Je suis revenu à Adana. Nous avons prouvé avec des documents que la personne qui prétendait ne pas avoir été payée pour son travail avait été payée très correctement. Il avait obtenu un appel d'offres. Nous lui avons dit qu'il n'y aurait plus d'appels d'offres pour lui. Des maires comme moi, dans des situations similaires, sont en poste, alors que moi j'étais à l'intérieur. C'était une injustice. Nous l'avions souligné. Je ne dis pas cela pour critiquer cette attitude, mais pour dénoncer une injustice. Sinon, je n'ai aucun problème avec le fait que quelqu'un soit en prison ou dehors. Nous ne devons pas perdre foi en la justice. Finalement, ma libération, bien que tardive, est une bonne chose.
Tous mes amis se sont réjouis. Ma libération a été un espoir pour nos amis restés à l'intérieur. Aucun d'entre nous ne craint d'être jugé. Cependant, le jugement en liberté devrait être la règle. Je suis quelqu'un qui s'est dénoncé deux fois au parquet.

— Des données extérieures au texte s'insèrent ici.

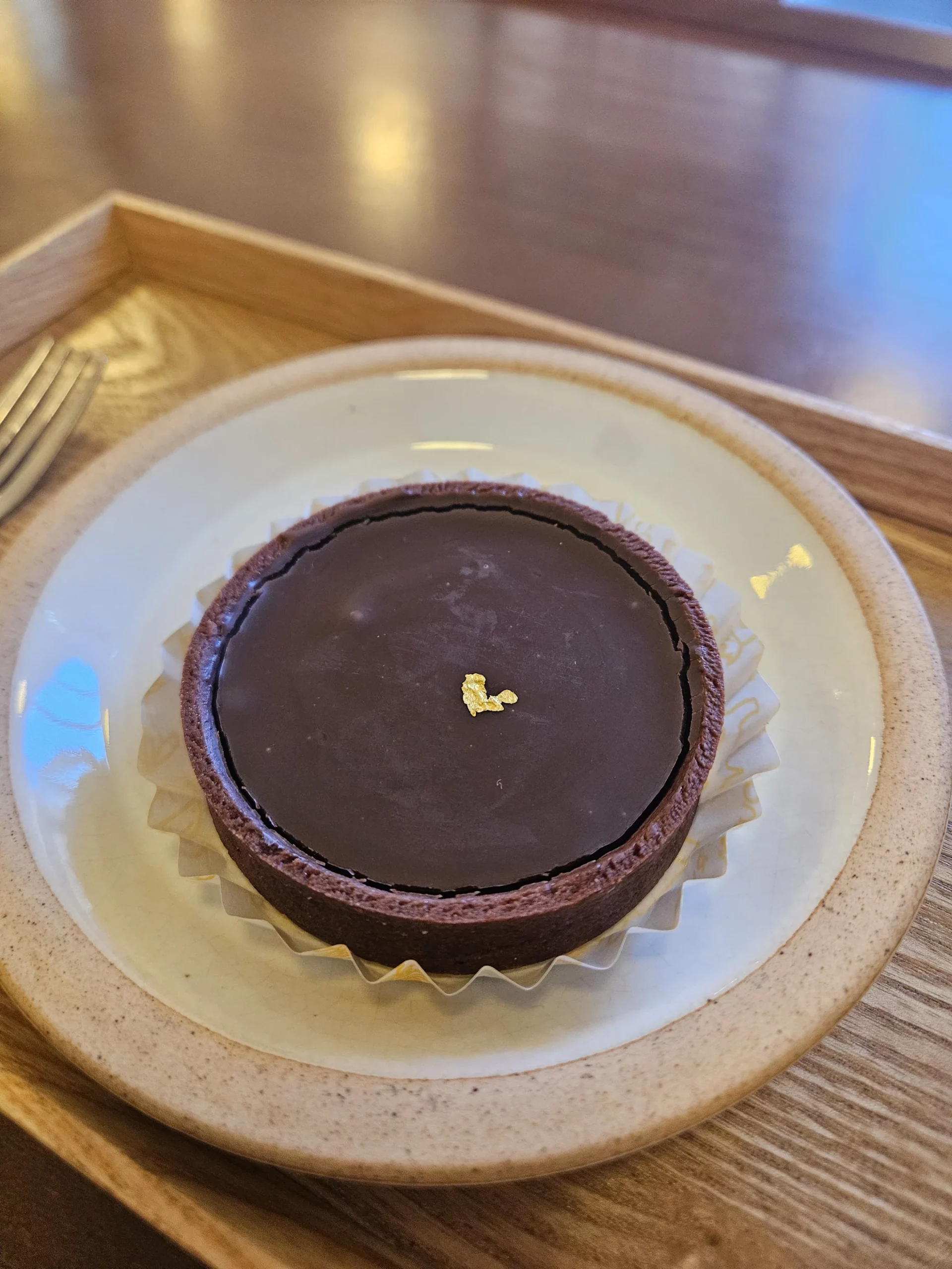 In Korean cafe culture, desserts function as complements to the coffee experience rather than centerpieces in their own right. The ganache tart occupies exactly this role — substantial enough to be satisfying, restrained enough to let the coffee speak alongside it..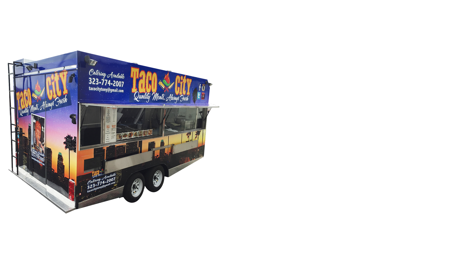 Tacos el rojinegroTacos food trailer. 14′ Step-in trailer made to Los Angeles County 2022 requirements. Many customers prefer a trailer over a food truck due to pricing. A trailer is more affordable and sometimes more convenient for the customer. The kitchen is similar to a food truck, the only difference is that there it is not driveable. It comes complete and ready to work, with see-thru windows, top ventilation, stainless steel finishing, sinks, aluminum floor, shelving, storage, etc.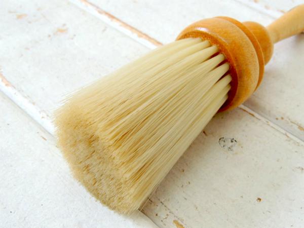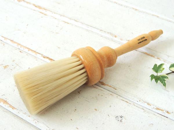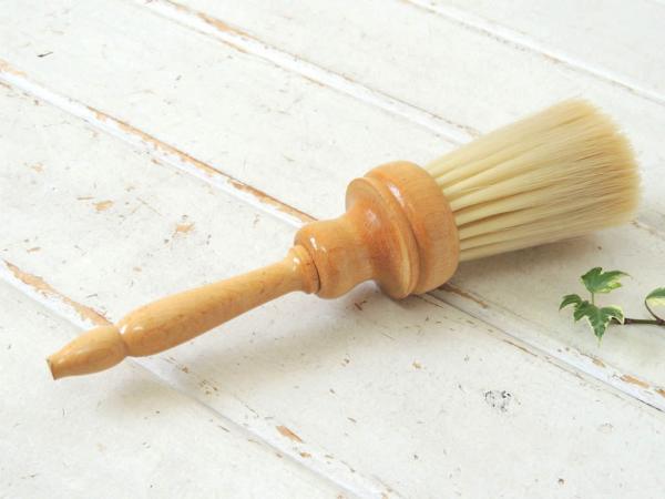 クラシカルなデザインの木製ハンドル、ブラシは滑らかな肌触りの毛(動物)が使用されています。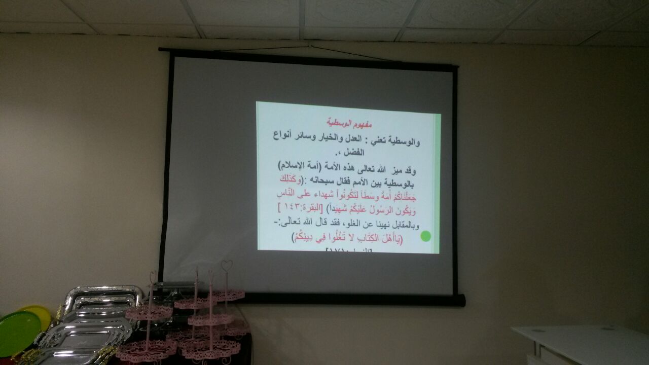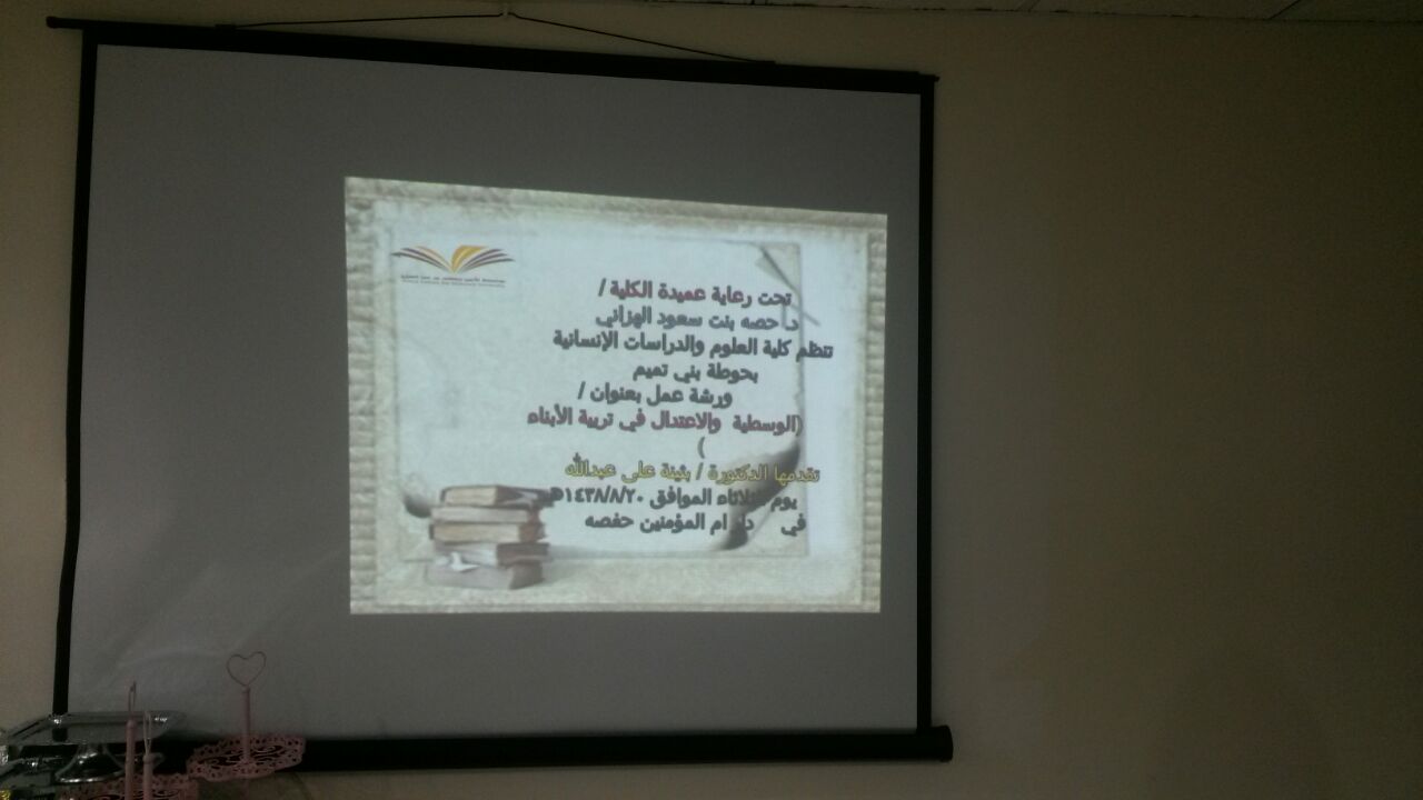تحت رعاية عميدة كلية العلوم والدراسات الإنسانية بحوطة بني تميم الدكتورة حصة بنت سعود الهزاني، أقامت وحدة التوعية الفكرية بالكلية محاضرة بمكتب الدعوة والإرشاد وتوعية الجاليات بمحافظة حوطة بني تميم بعنوان (الوسطية والاعتدال في تربية الأبناء) ألقتها الدكتورة بثينة فرح الأستاذ المساعد بقسم القرآن الكريم والدراسات الإسلامية بالكلية وذلك يوم الثلاثاء الموافق ٢٠/ ٨/ ١٤٣٨هـ، وكانت تهدف إلى: توضيح مفهوم الوسطية في اللغة والاصطلاح والأسس السليمة التي تقوم عليها الأسرة كما تهدف المحاضرة إلى بيان دور الأسرة في تربية الأبناء والمفاهيم الأساسية التي يبنى عليها منهج الوسطية في تربية الأبناء. اشتملت المحاضرة على مسابقات مع أ. فوزية الجمعة تفاعلن معها الحاضرات البالغ عددهن ٣٢ تقريبا.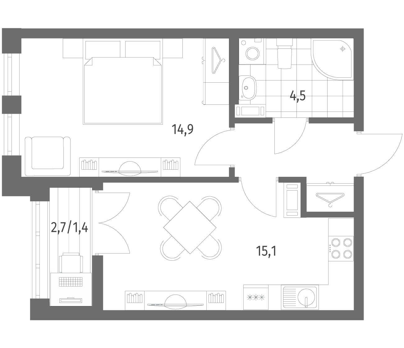 1-комнатная 39.9 м2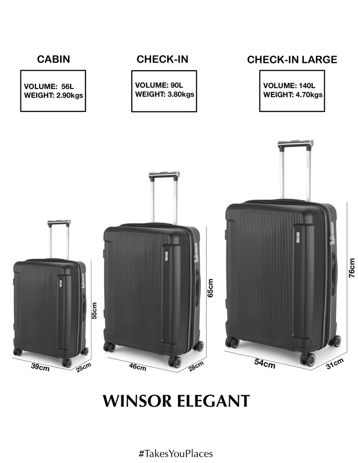 The Winsor Elegant collection is tailored for travelers who value style, reliability, and versatility. Its four size options make it suitable for a variety of travel occasions, from solo adventures to family vacations.

Adana a été magnifique. Comme dans aucune autre province, ils ont soutenu leurs aînés, leurs frères et leurs maires dès le premier jour de ma garde à vue. Quand je suis arrivé à Adana, les gens étaient prêts à s'entredéchirer. Malgré l'heure tardive, 3h30 du matin, et le froid, il y avait des milliers de personnes à l'aéroport.
Ensuite, nous sommes allés à la commémoration des personnes ayant perdu la vie lors du séisme. Ils ont montré à toute la Turquie comment on soutient un homme qui a consacré sa vie à Adana et qui y est attaché, y compris par la marche de nos jeunes. C'est pourquoi je les remercie tous individuellement.
J'étais à la maison à 6h00 du matin. J'étais déjà debout à 8h00. Aujourd'hui, je vais assister à des funérailles. Mon beau-frère est décédé pendant que j'étais en prison. Je vais rendre visite à ma sœur. Il y a une marche pour le séisme ce soir. J'y participerai. Ensuite, je rentrerai un peu plus tôt à la maison. Les enfants sont tous ici.
"JE DOIS REPRENDRE MON POSTE"
Le ministère de l'Intérieur peut prolonger la période de suspension tous les deux mois en raison de la détention. La détention étant levée, je dois automatiquement reprendre mon poste. Mais je ne sais pas s'ils feront autre chose.
Je veux reprendre mes fonctions avec une grande excitation et servir Adana. Bien sûr, j'ai des dossiers en suspens. Notre ami que nous avions nommé par intérim, Güngör, gérait les affaires en dialogue. Mais au final, je suis maire depuis 12 ans. J'avais mis en place l'organisation, d'où viendrait l'argent pour un projet, comment cela serait réglé, etc. Comme vous le savez, j'étais également président de l'Union des municipalités de Turquie. Je pense que cela devrait aussi se régler une fois que je serai réintégré. Mais comme il s'agit d'un poste électif, je ne connais pas exactement la procédure."